Not exactly sending large objects to partitions, but an inverted approach would be to use mapPartition in conjunction with partitioning by columns. Namely, using mapPartition in this fashion would be pulling in the large object on a per partition level vs. on a per row level.

Spark broadcast error: exceeds spark.akka.frameSize Consider using broadcast

I have a large data called "edges"
org.apache.spark.rdd.RDD[org.apache.spark.graphx.Edge[(String, Int)]] = MappedRDD[27] at map at <console>:52
When I was working in standalone mode, I was able to collect, count and save this file. Now, on a cluster, I'm getting this error
edges.count
...
Serialized task 28:0 was 12519797 bytes which exceeds spark.akka.frameSize
(10485760 bytes). Consider using broadcast variables for large values.
Same with .saveAsTextFile("edges")
This is from the spark-shell. I have tried using the option
--driver-java-options "-Dspark.akka.frameSize=15"
But when I do that, it just hangs indefinitely. Any help would be appreciated.
** EDIT **
My standalone mode was on Spark 1.1.0 and my cluster is Spark 1.0.1.
Also, the hanging occurs when I go to count, collect or saveAs* the RDD, but defining it or doing filters on it work just fine.
The "Consider using broadcast variables for large values" error message usually indicates that you've captured some large variables in function closures. For example, you might have written something like
val someBigObject = ...
rdd.mapPartitions { x => doSomething(someBigObject, x) }.count()
which causes someBigObject to be captured and serialized with your task. If you're doing something like that, you can use a broadcast variable instead, which will cause only a reference to the object to be stored in the task itself, while the actual object data will be sent separately.
In Spark 1.1.0+, it isn't strictly necessary to use broadcast variables for this, since tasks will automatically be broadcast (see SPARK-2521 for more details). There are still reasons to use broadcast variables (such as sharing a big object across multiple actions / jobs), but you won't need to use it to avoid frame size errors.

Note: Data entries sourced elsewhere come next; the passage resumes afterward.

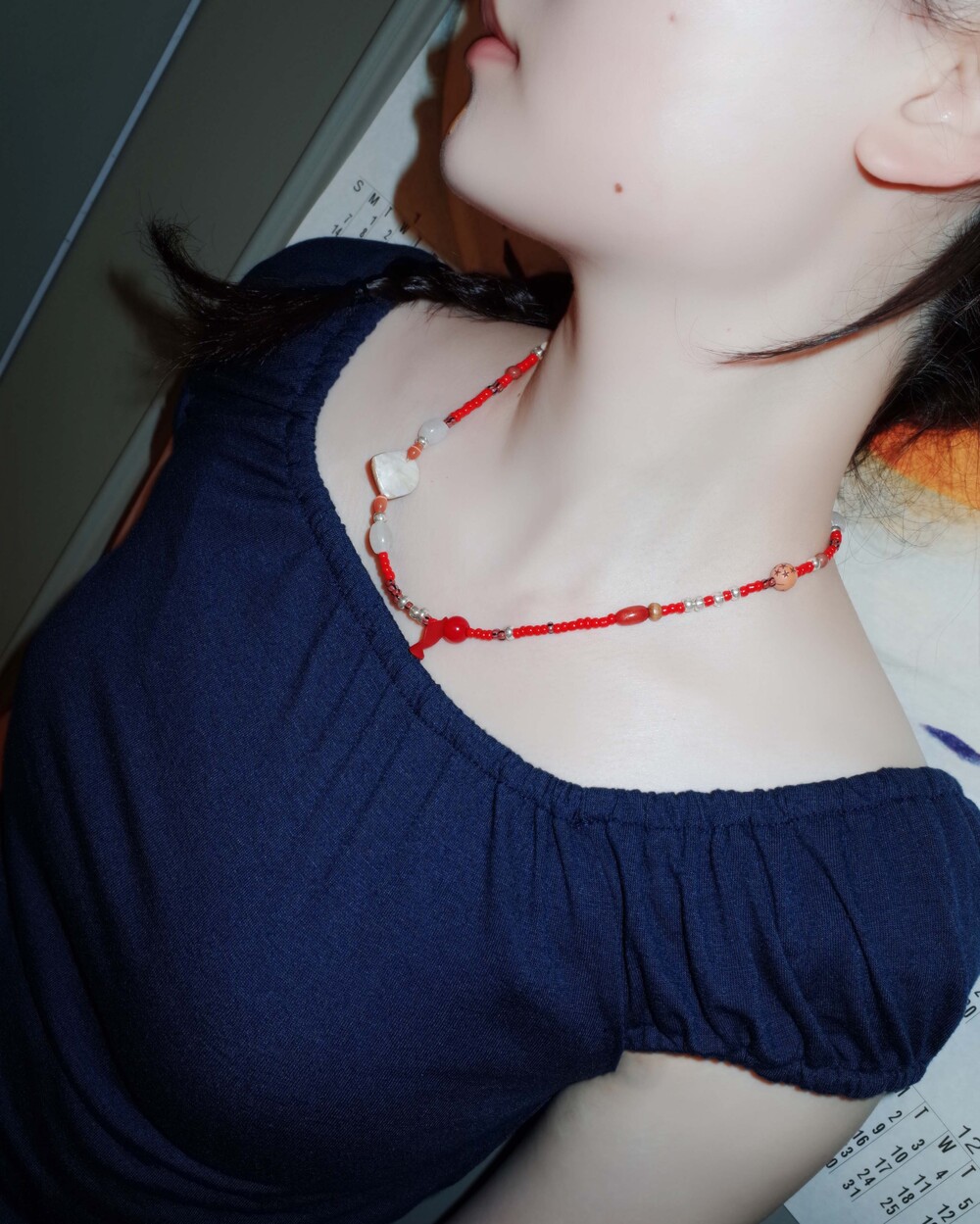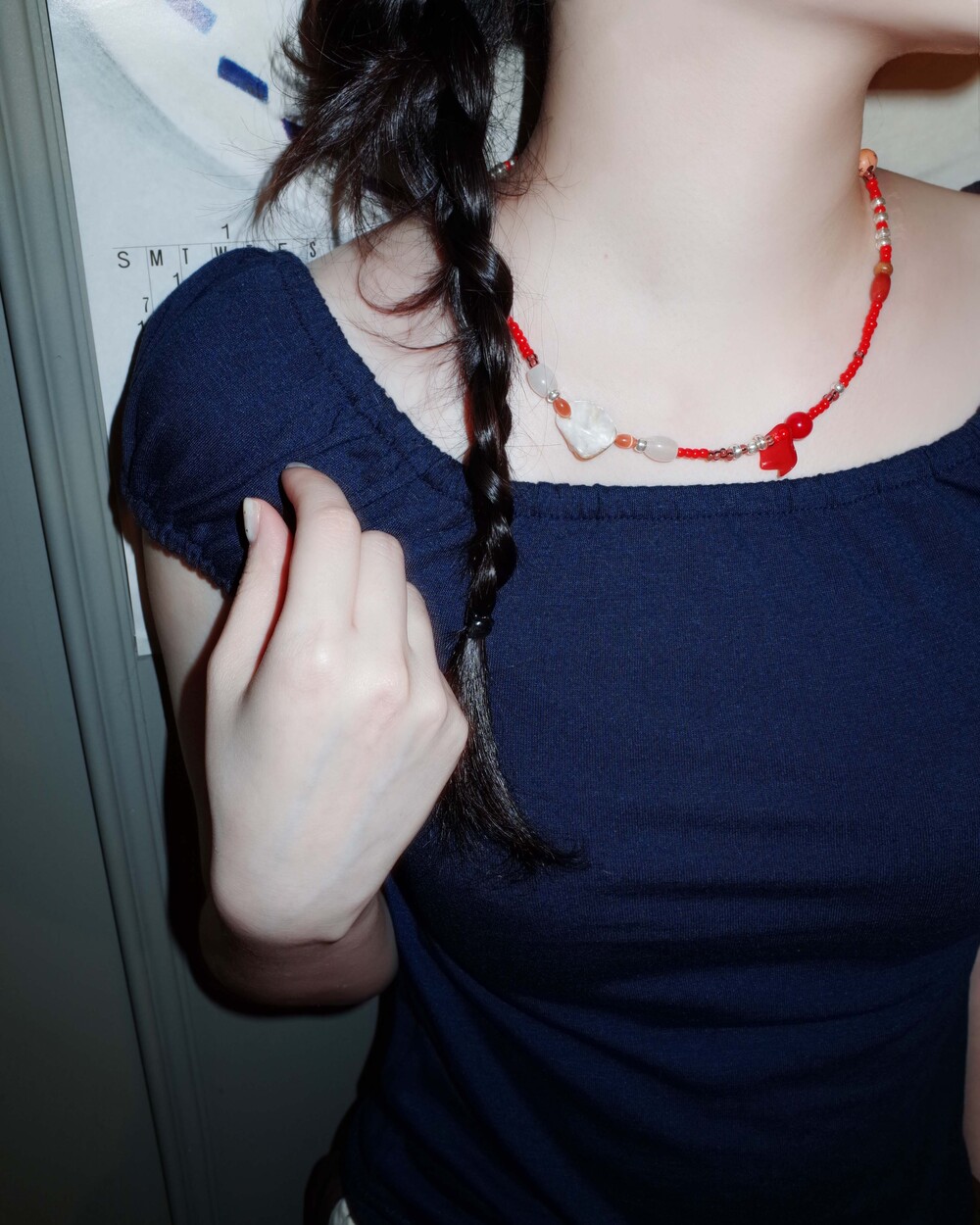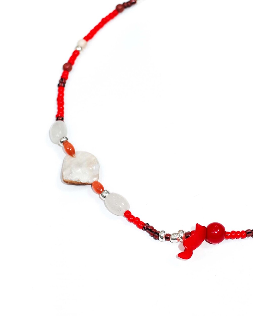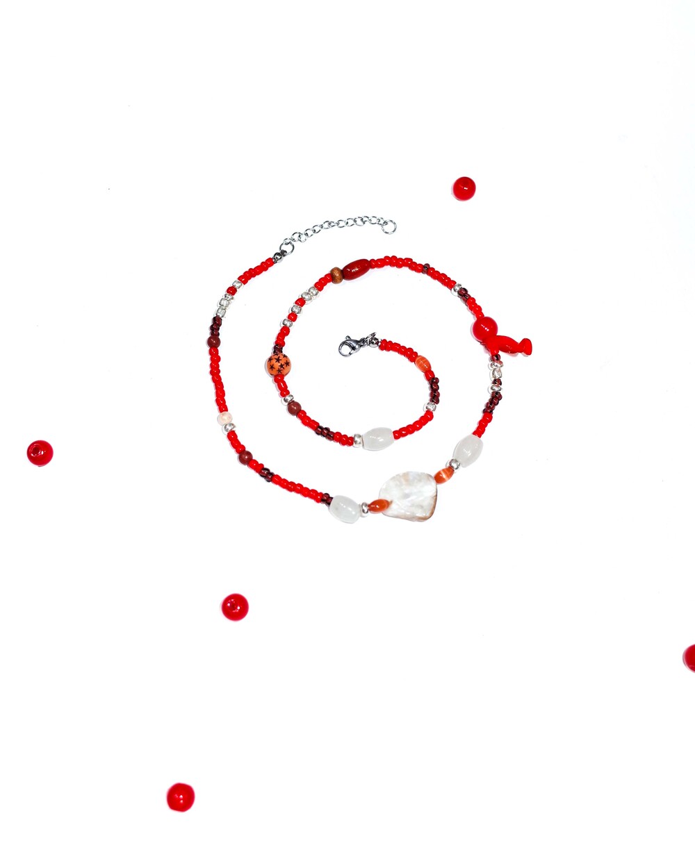 선명한 빨간 베이스 비즈를 중심으로, 조개 비즈, 원석 비즈, 그리고 나무 비즈를 자연스럽게 엮어 만든 목걸이예요.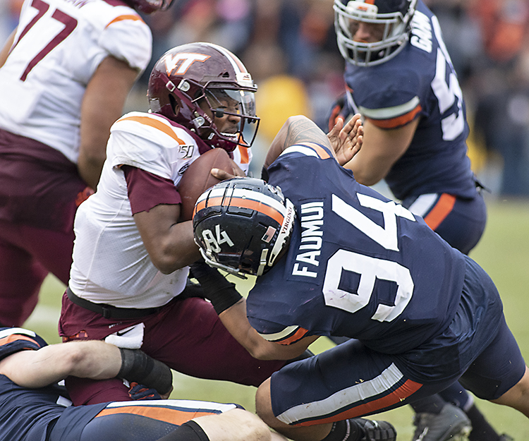 Aaron Faumui (91) crashes into the Virginia Tech backfield to sack QB Hendon Hooker in the final minutes of last season’s big win over the Hokies (Photo: John Markon).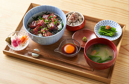 富山県産コシヒカリ使用まぐろの醤油麹漬け卵黄和え丼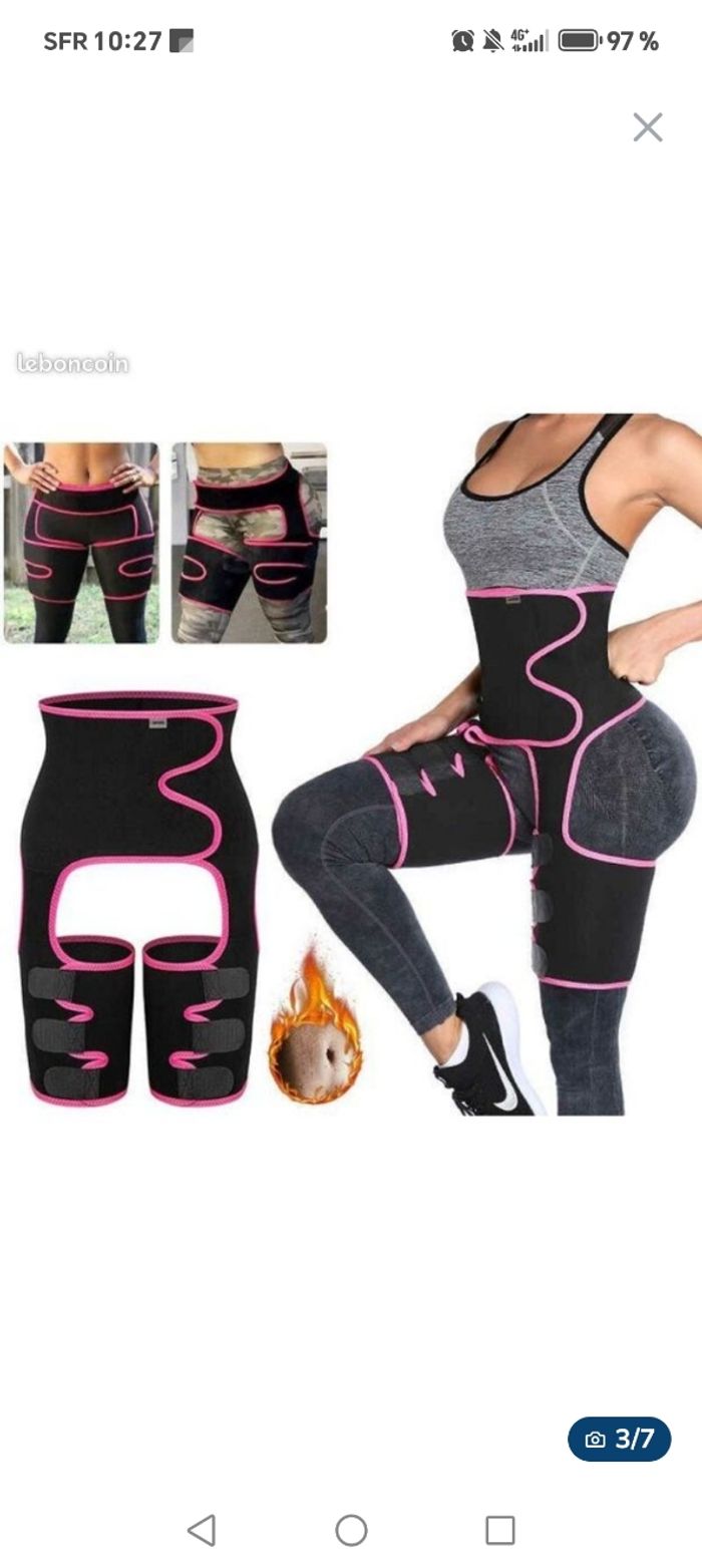 Très bon état peu servis !!! Prix: 15€ Envoi rapide et soigné 💗 Ceinture amincissante pour femme - Taille haute - Perte de poids - Réglable - Pour amincir les hanches et les fessiers Ceinture d'entraînement de haute qualité : le bandage taille haute est fabriqué en néoprène ultra épais, sans latex, ce qui peut augmenter l'accumulation de chaleur et ventiler la sueur. Confortable : très confortable pour toute la journée, rapide et facile à mettre et à enlever. En outre, le support de l'aine discret peut être porté sous ou par-dessus les vêtements si nécessaire. Coupe-cuisse : notre support de compression aide à améliorer, soulage les douleurs musculaires autour de l'aine, des hanches et du bas du dos. Réglable et antidérapant : le nouveau design de la tondeuse combinée à la cuisse et à la taille est très facile à transporter et ne tombe pas facilement, vous n'avez pas à vous soucier de glisser pendant l'exercice. Brûleur des graisses : lorsque vous faites de l'exercice ou faites des choses à la maison, soulevez vos fesses, jambes et le bas de l'abdomen soulève la graisse. Vous pouvez utiliser cette ceinture taille haute pour le vélo, la course, le bateau, l'exercice et d'autres activités physiques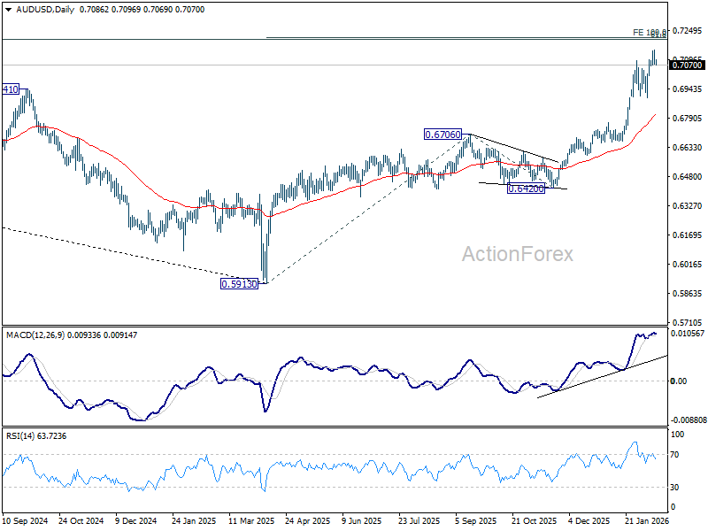 Intraday bias in AUD/USD remains on the upside for the moment. Current up trend should target 100% projection of 0.5913 to 0.6706 from 0.6420 at 0.7213. On the downside, below 0.7063 minor support will turn intraday bias neutral again. But retreat should be contained above 0.6896 support to bring another rally.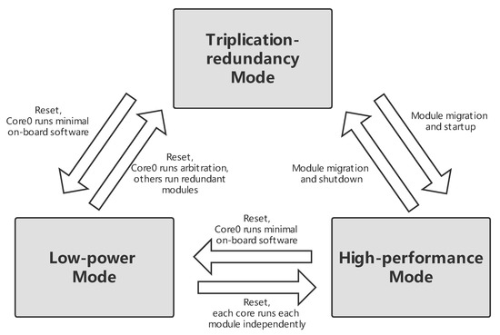 In addition to the above common features, in order to make full use of the advantages of the multi-core processor under different operating conditions, three different structural modes are designed, including low-power mode, triplication-redundancy mode and high-performance mode. As shown in Figure 4, these three modes can be flexibly and dynamically configured according to the satellite operating conditions and mission requirements.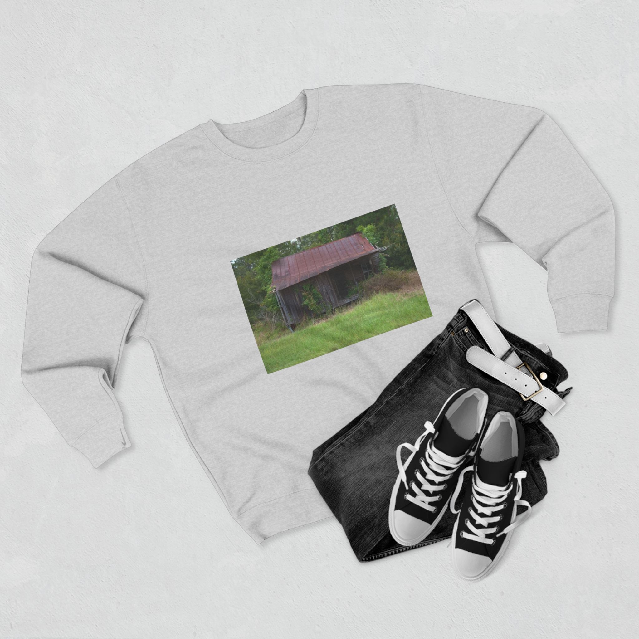 Vintage Cabin Crewneck Sweatshirt — Rustic Old Shed Photo Pullover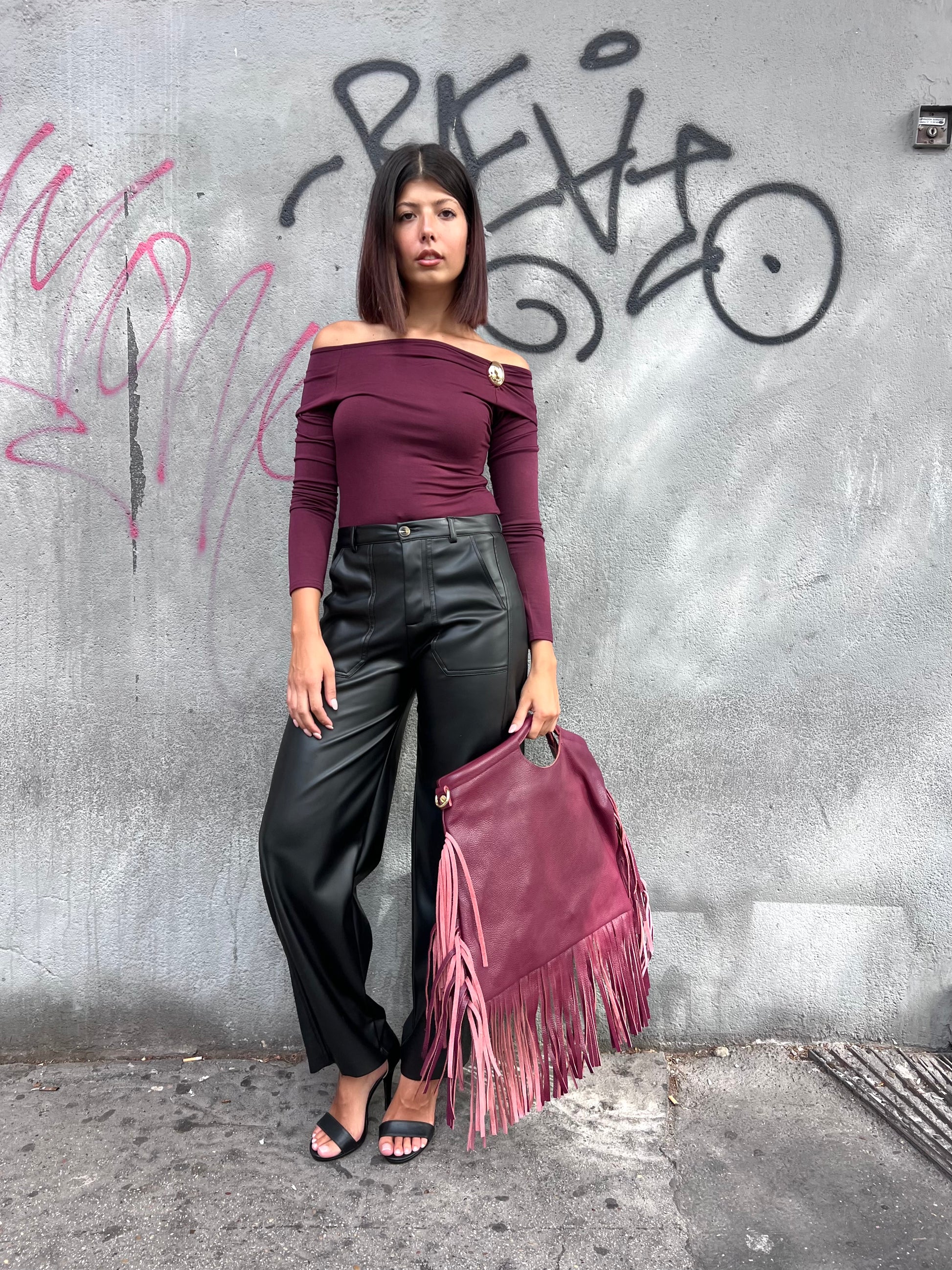 Pantalone vita alta ecopelle. Modello ballon. Chiusura cerniera, bottone e passanti. Molla retro vita.

Another option is to increase the Akka frame size. In any Spark version, you should be able to set the spark.akka.frameSize setting in SparkConf prior to creating your SparkContext. As you may have noticed, though, this is a little harder in spark-shell, where the context is created for you. In newer versions of Spark (1.1.0 and higher), you can pass --conf spark.akka.frameSize=16 when launching spark-shell. In Spark 1.0.1 or 1.0.2, you should be able to pass --driver-java-options "-Dspark.akka.frameSize=16" instead.